## Aim of the task
Print the listing below only from the line that has "- The visible" through the line that has "Winter at mountains HD Wallpaper - 1024x600", exactly, and drop any picture.

## Data records
- Opening Delimiter -
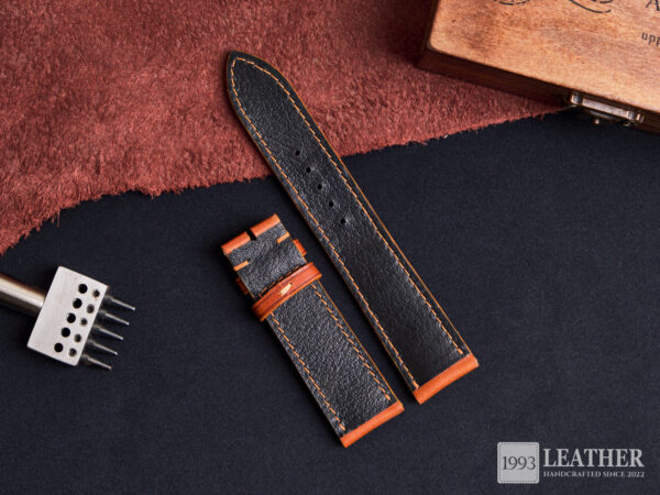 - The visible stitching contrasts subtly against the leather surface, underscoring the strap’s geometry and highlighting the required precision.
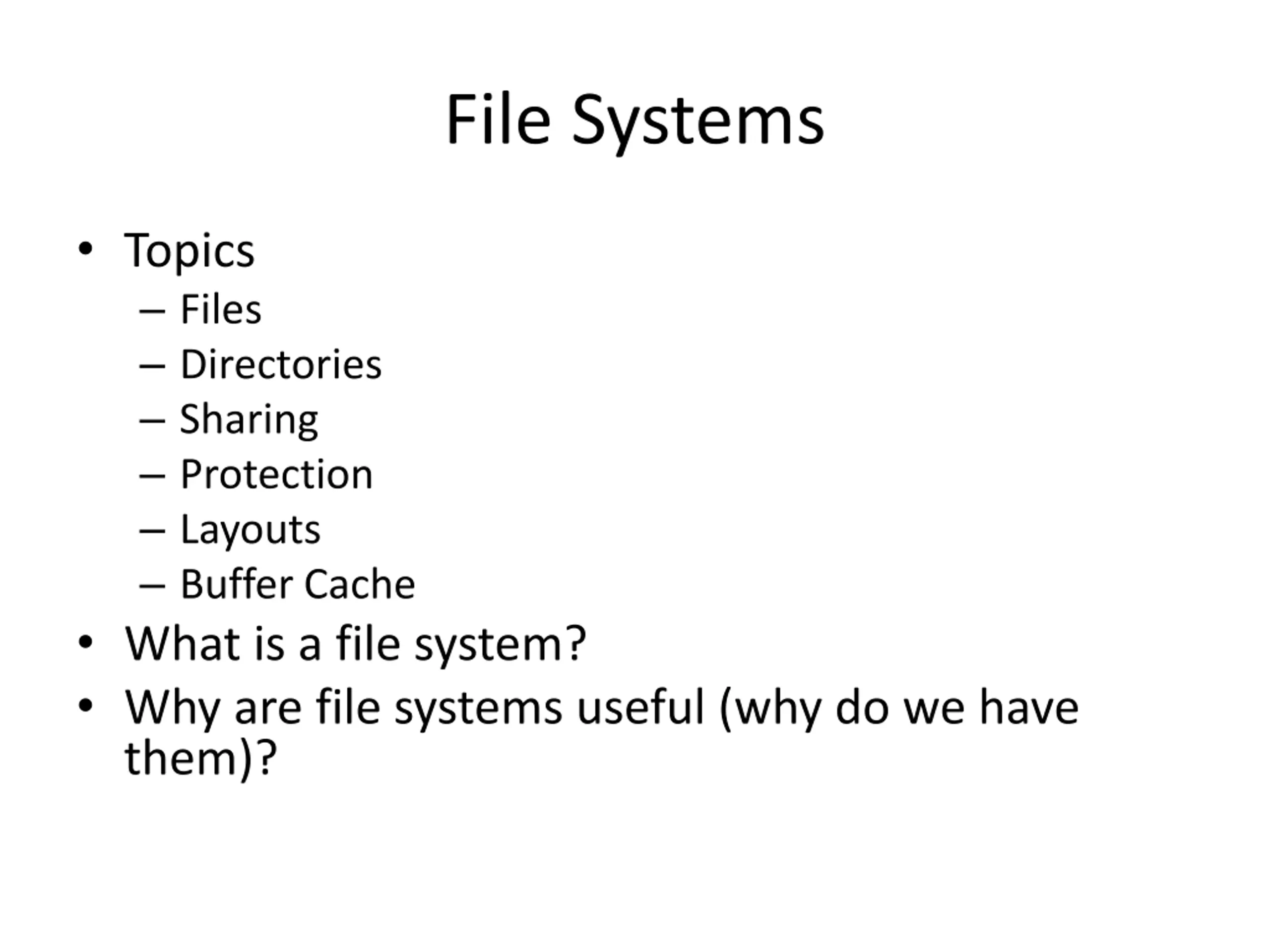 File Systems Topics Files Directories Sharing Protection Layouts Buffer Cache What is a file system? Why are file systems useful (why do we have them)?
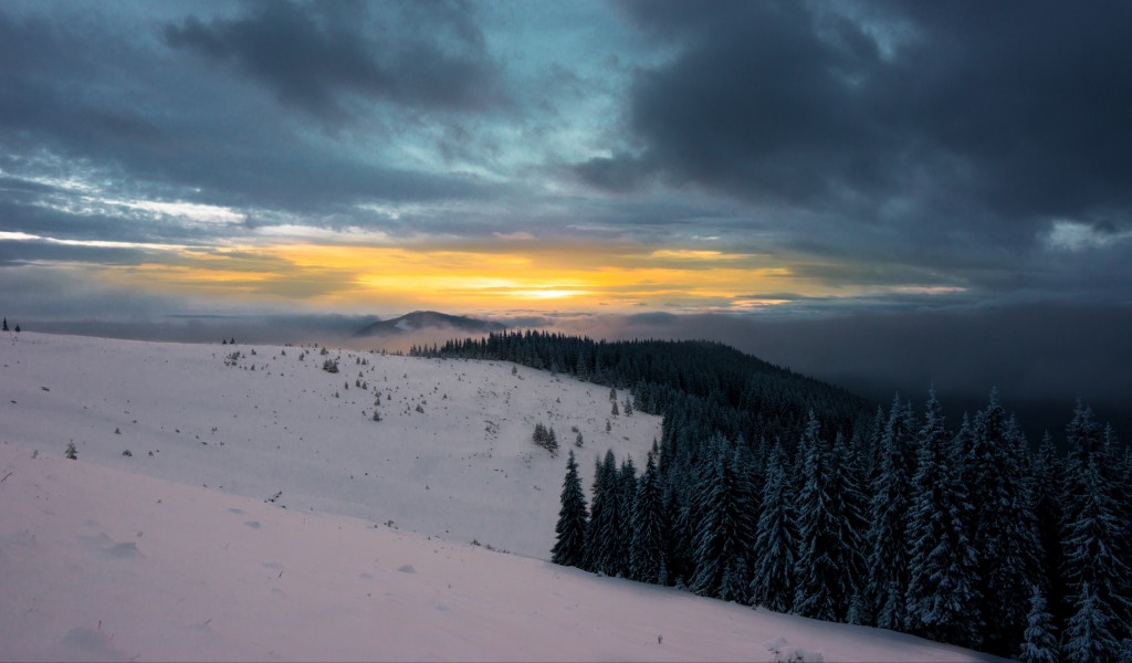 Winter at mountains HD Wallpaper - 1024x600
- Closing Delimiter -
- Opening Delimiter -
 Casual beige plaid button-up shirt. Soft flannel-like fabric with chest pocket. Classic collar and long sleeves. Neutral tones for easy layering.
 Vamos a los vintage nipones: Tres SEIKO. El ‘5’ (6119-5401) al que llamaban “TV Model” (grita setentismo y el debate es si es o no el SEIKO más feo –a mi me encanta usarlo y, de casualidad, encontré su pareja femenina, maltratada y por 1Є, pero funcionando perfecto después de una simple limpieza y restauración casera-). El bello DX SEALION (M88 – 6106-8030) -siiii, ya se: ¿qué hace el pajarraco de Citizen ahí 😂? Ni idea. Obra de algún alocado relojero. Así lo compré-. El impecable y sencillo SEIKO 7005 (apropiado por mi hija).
- Closing Delimiter -
## Task answer
 - The visible stitching contrasts subtly against the leather surface, underscoring the strap’s geometry and highlighting the required precision.
 File Systems Topics Files Directories Sharing Protection Layouts Buffer Cache What is a file system? Why are file systems useful (why do we have them)?
 Winter at mountains HD Wallpaper - 1024x600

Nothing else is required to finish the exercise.